The single most important op-ed of the last five years was penned by House Budget Committee Chairman Jodey Arrington and former U.S. Senator Phil Gramm in September of last year. In it, they discussed what is actually driving America’s systemic national debt. The actual systemic drivers of the debt, as Arrington and Phil Gramm pointed out, are in the means-tested social welfare spending programs — precisely the things that neither party actually wants to touch, such as Medicaid, food stamps, refundable tax credits, Supplemental Security Income, Temporary Assistance for Needy Families, federal housing subsidies, and almost 100 other programs.
What’s actually to bring long-lasting success is not going to be cutting around the edges. It’s not going to be posturing. What’s actually to bring long-lasting success is what is most politically difficult.
But if nobody’s willing to do it, then basically we’re just going to end up in a leftist populist horseshoe where, despite all the talk about innovation, government just continues to grow and gobble up an increasing portion of Americans’ earnings and savings where a smaller and smaller percentage of the population is actually working while the government continues to spiral out of control in terms of growth. And productivity does not actually outpace all of the spending of government and the taxation of government.
That is the problem President Trump is facing.
The easy route for Democrats to take when things fall down because of all these giant programs that they themselves have enshrined is just to claim that capitalism failed.
At some point, Congress, particularly, is going to have to stand up and President Trump is going to have to start pushing for some real systemic change on the regulatory side.
He’s going to have to push for some real systemic change when it comes to these means-tested welfare programs.

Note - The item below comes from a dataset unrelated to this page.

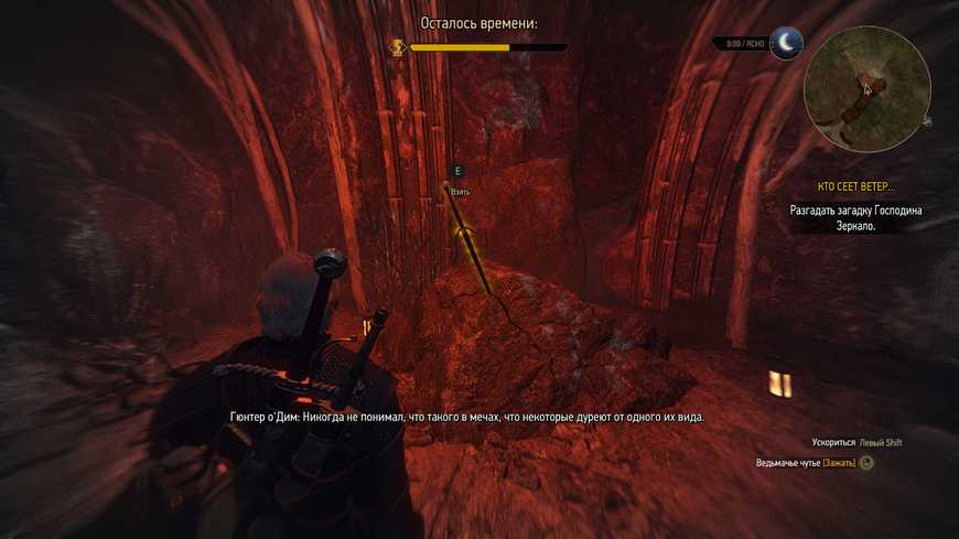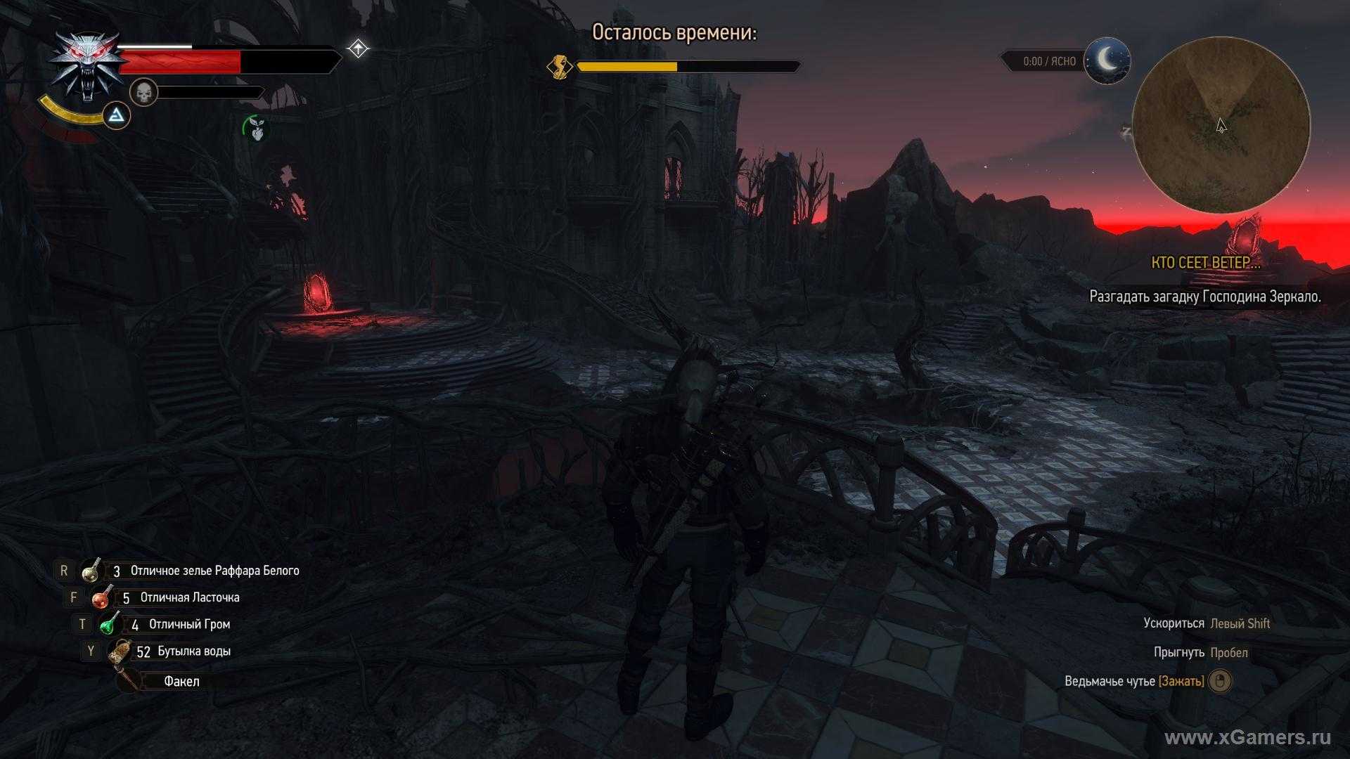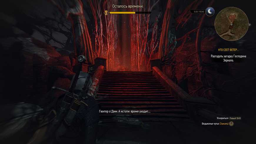 Но Господин Зеркало не был бы собой, если бы не строил козни на пути. Как только Геральт окажется в его мире, то начнет тикать время прохождения задания, поэтому стоит поторопиться.

If the premise of the current American political moment is that we are in a moment of scarcity with scarce resources, that we are in danger of being out-produced by countries like China, that the American budget is too large, that our tax burden is too high, and that we’re spending too much money, then we have to look at the right places. Looking at the wrong places does not lead to solving the problem, and then things will go from bad to worse.
And that’s the only hope Democrats have.